Certain data includes 36 body temperatures for which the sample mean is equal to 98.20 °F and standard deviation of 0.62 °F. Using this sample statistics, construct a 95% confidence interval of the mean body temperature. What does the sample suggest about the use of 98.6°F as the mean body temperature?
95% = mean ± 1.96 SEm
SEm = SD/√n
I'll let you calculate and come to your own conclusions.
To construct a confidence interval for the mean body temperature, we can use the following formula:
Confidence Interval = Sample Mean ± (Critical Value * Standard Error)
Step 1: Calculate the Critical Value
Since we want a 95% confidence level, we need to find the z-score that corresponds to a 95% confidence level. The critical value can be found using a z-table or a statistical calculator. For a 95% confidence level, the critical value is approximately 1.96.

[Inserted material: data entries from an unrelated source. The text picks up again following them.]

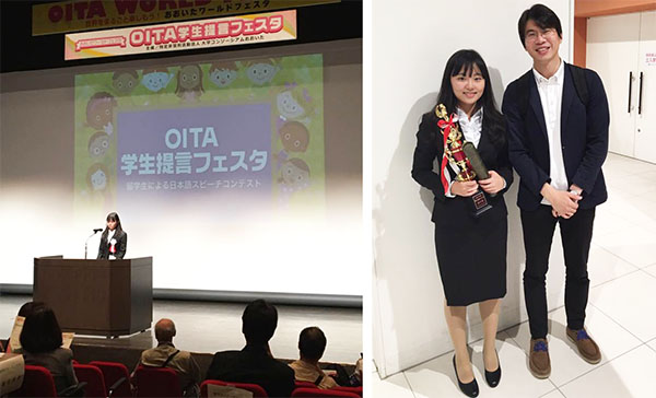 2016年10月29日(土)に、ホルトホール大分で開催された「OITA学生提言フェスタ ~留学生による日本語スピーチコンテスト」において、本学の留学生 周伊萱(しゅういかん)さんが、第2位(8人中)の成績を納め、優秀賞を獲得しました。
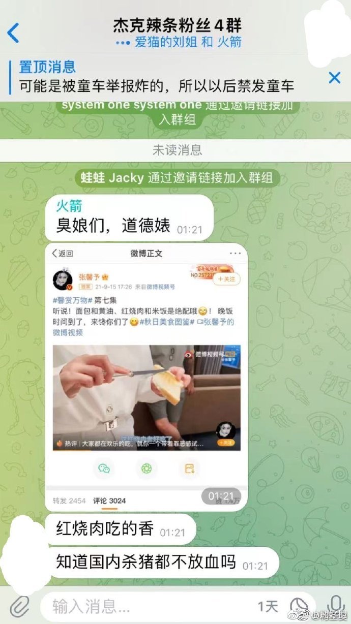 “鸭圣婆”表示,自从张馨予为反虐发声后,杰克辣条粉丝就在群里扬言要给张馨予“开盒”(即非法获取个人信息)。
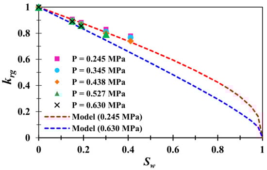 Using our model in Equation (43), krg of gas phase permeability under P = 0.245 and 0.630 MPa was calculated and compared with experimental results (Figure 16). The results show that the gas phase permeability curve at low pressure is obviously higher than that at high pressure, which is because the effect of collisions between the gas and the wall is more significant at low pressures, and leads to the Knudsen diffusion or slip flow in nanopores. At the same time, the fitting of model calculation and experimental results looks good, which indicates that the proposed analysis model of gas flow in nanopores under bound water is reasonable in this work.
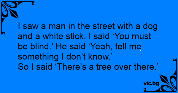I saw a man in the street with a dog and a white stick. I said ‘You must be blind.’ He said ‘Yeah, tell me something I don’t know.’

Step 2: Calculate the Standard Error
The standard error measures the variability of the sample mean. It can be calculated using the formula: Standard Error = Standard Deviation / √(Sample Size)
Given:
Sample Mean (x̄) = 98.20 °F
Standard Deviation (σ) = 0.62 °F
Sample Size (n) = 36
So, the standard error is:
Standard Error = 0.62 / √(36) = 0.1033
Step 3: Calculate the Confidence Interval
Using the formula mentioned earlier:
Confidence Interval = Sample Mean ± (Critical Value * Standard Error)
Confidence Interval = 98.20 ± (1.96 * 0.1033) = (97.9989 °F, 98.4011 °F)
Therefore, the 95% confidence interval for the mean body temperature is (97.9989 °F, 98.4011 °F).
Now, let's consider the suggested mean body temperature of 98.6 °F. If this value falls within the confidence interval, it suggests that the true mean body temperature is likely to be 98.6 °F. However, if 98.6 °F falls outside the confidence interval, it suggests that the true mean body temperature is unlikely to be 98.6 °F.
In this case, since 98.6 °F falls outside the 95% confidence interval, the sample data suggests that the mean body temperature is unlikely to be 98.6 °F.